◆ PROBLEM
With the pictures left out, repeat every entry that follows exactly.

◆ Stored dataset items
***

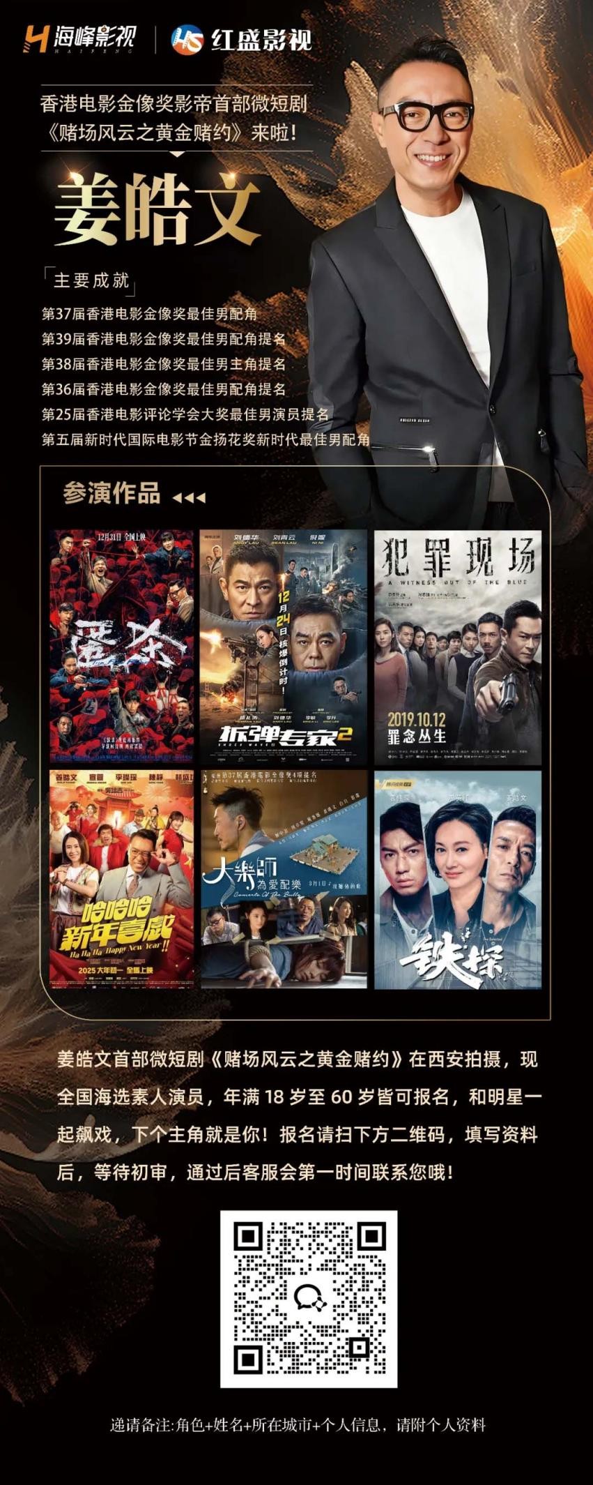 目前,《赌场风云之黄金赌约》独家播放平台锁定红果。海峰影视与红盛影视的双厂牌护航、姜皓文的港星演技加持、高能赌术剧情与素人海选的结合,有望为微短剧市场带来一部兼具港风质感与大众参与感的爆款作品。(详情关注微信视频号:红盛影视官方号)
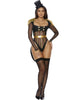 Dress cheeky while cleaning dressed in this sophisticated French Maid Hat Lace Cuffs Apron and Garter Set. This set includes a white maid headpiece attached to a white headband, a pair of white lace wrist cuffs with black mini bows, a mini white apron with lace hem and a white lace garter with a mini black bow. A great set to create your very own maid costume.
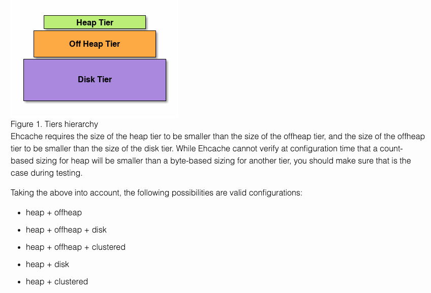Memory, Off Heap, Disk를 제공하는데 Off Heap는 GC가 적용되지 않아 매우 큰 캐시가 가능하다.
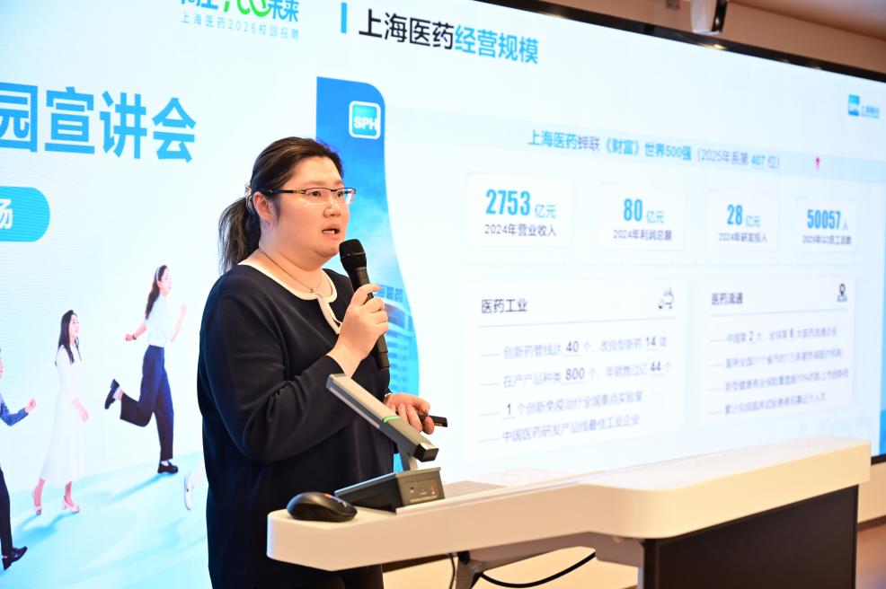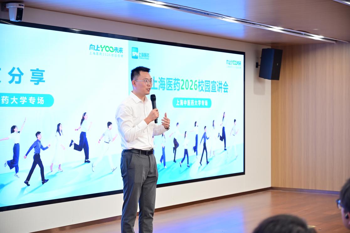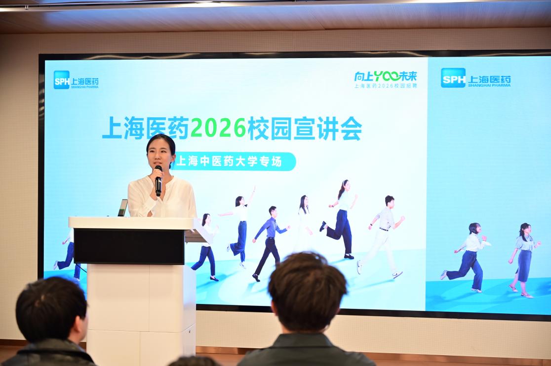 宣讲会伊始,上海医药人力资源部员工与发展高级经理高怡颖女士为在场学子带来了一场精彩纷呈的“上药全景解读”。她以凝练而富有感染力的语言,娓娓道来上药集团波澜壮阔的发展历程、稳中求进的当下布局以及面向未来的宏伟战略。紧接着,高经理重点推介了备受瞩目的“2026工培生计划”。该计划是上海医药为吸纳和培养未来核心骨干而精心打造的人才项目,旨在通过系统化的轮岗实践、定制化的导师辅导、多元化的赋能培训,帮助应届毕业生快速完成从校园到职场的华丽转身。
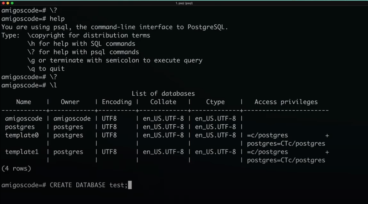 我正在跟踪一个长时间的视频教程 on PostgreSQL
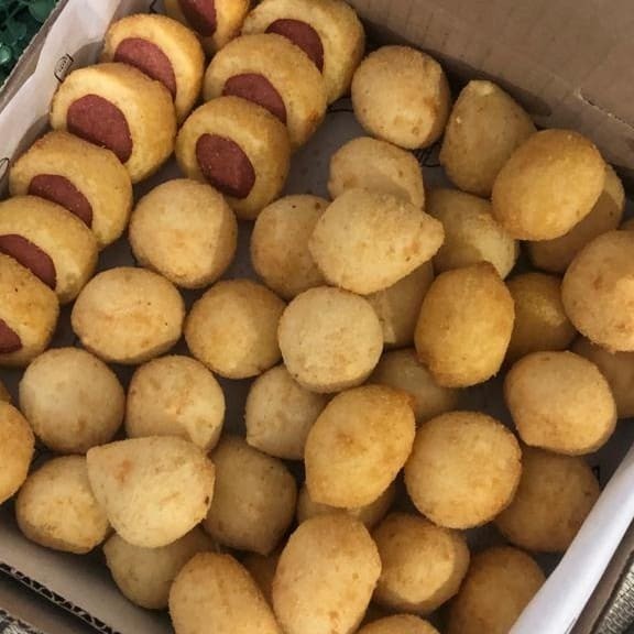 Coxinha, bolinho de queijo, bolinho de calabresa, risoles de presunto e queijo, enroladinho de salsicha
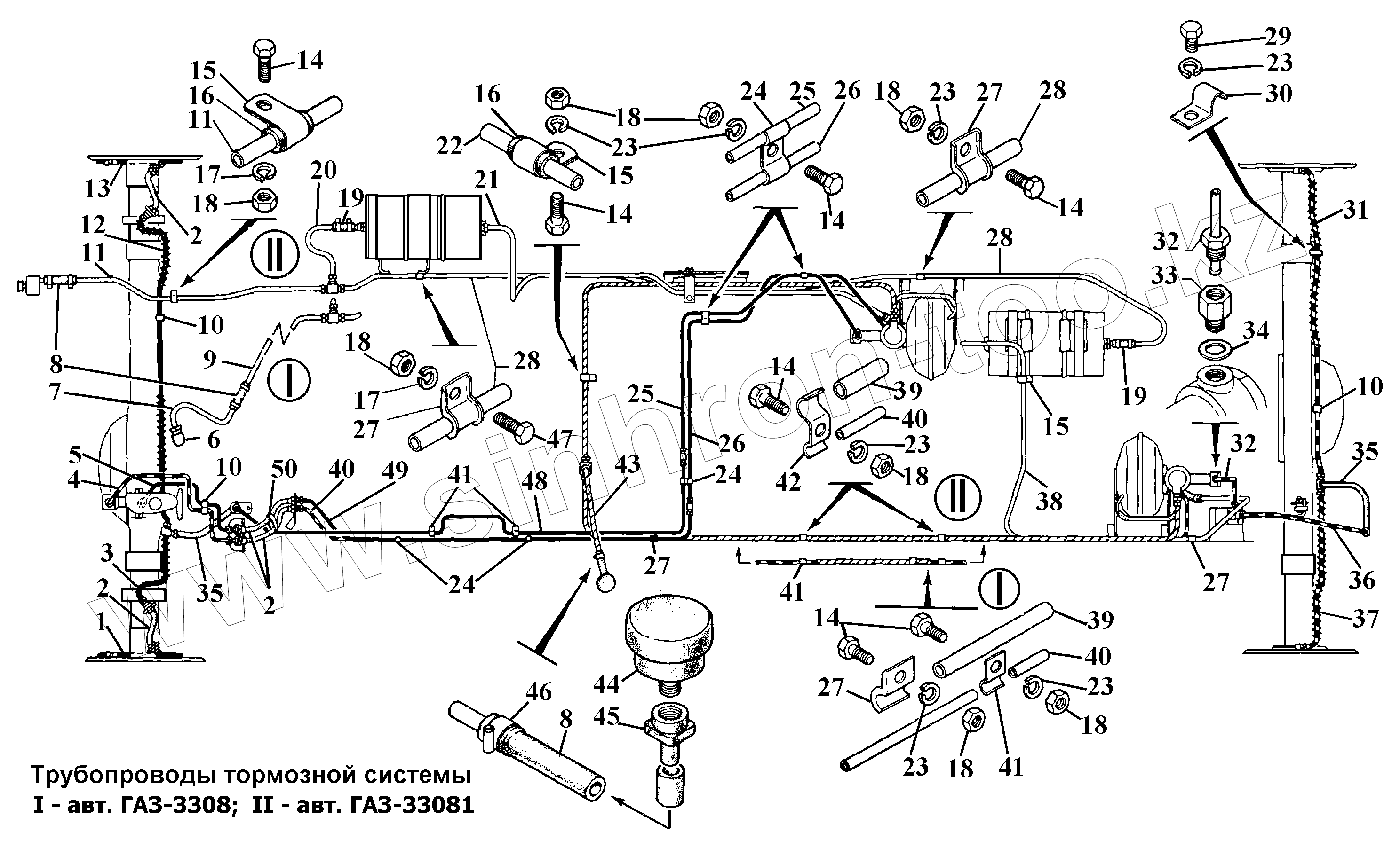 Каталог запасных частей к технике: ГАЗ-3308. Трубопроводы тормозной системы

***

◆ WRITTEN RESPONSE
 目前,《赌场风云之黄金赌约》独家播放平台锁定红果。海峰影视与红盛影视的双厂牌护航、姜皓文的港星演技加持、高能赌术剧情与素人海选的结合,有望为微短剧市场带来一部兼具港风质感与大众参与感的爆款作品。(详情关注微信视频号:红盛影视官方号)
 Dress cheeky while cleaning dressed in this sophisticated French Maid Hat Lace Cuffs Apron and Garter Set. This set includes a white maid headpiece attached to a white headband, a pair of white lace wrist cuffs with black mini bows, a mini white apron with lace hem and a white lace garter with a mini black bow. A great set to create your very own maid costume.
Memory, Off Heap, Disk를 제공하는데 Off Heap는 GC가 적용되지 않아 매우 큰 캐시가 가능하다.
 宣讲会伊始,上海医药人力资源部员工与发展高级经理高怡颖女士为在场学子带来了一场精彩纷呈的“上药全景解读”。她以凝练而富有感染力的语言,娓娓道来上药集团波澜壮阔的发展历程、稳中求进的当下布局以及面向未来的宏伟战略。紧接着,高经理重点推介了备受瞩目的“2026工培生计划”。该计划是上海医药为吸纳和培养未来核心骨干而精心打造的人才项目,旨在通过系统化的轮岗实践、定制化的导师辅导、多元化的赋能培训,帮助应届毕业生快速完成从校园到职场的华丽转身。
 我正在跟踪一个长时间的视频教程 on PostgreSQL
 Coxinha, bolinho de queijo, bolinho de calabresa, risoles de presunto e queijo, enroladinho de salsicha
 Каталог запасных частей к технике: ГАЗ-3308. Трубопроводы тормозной системы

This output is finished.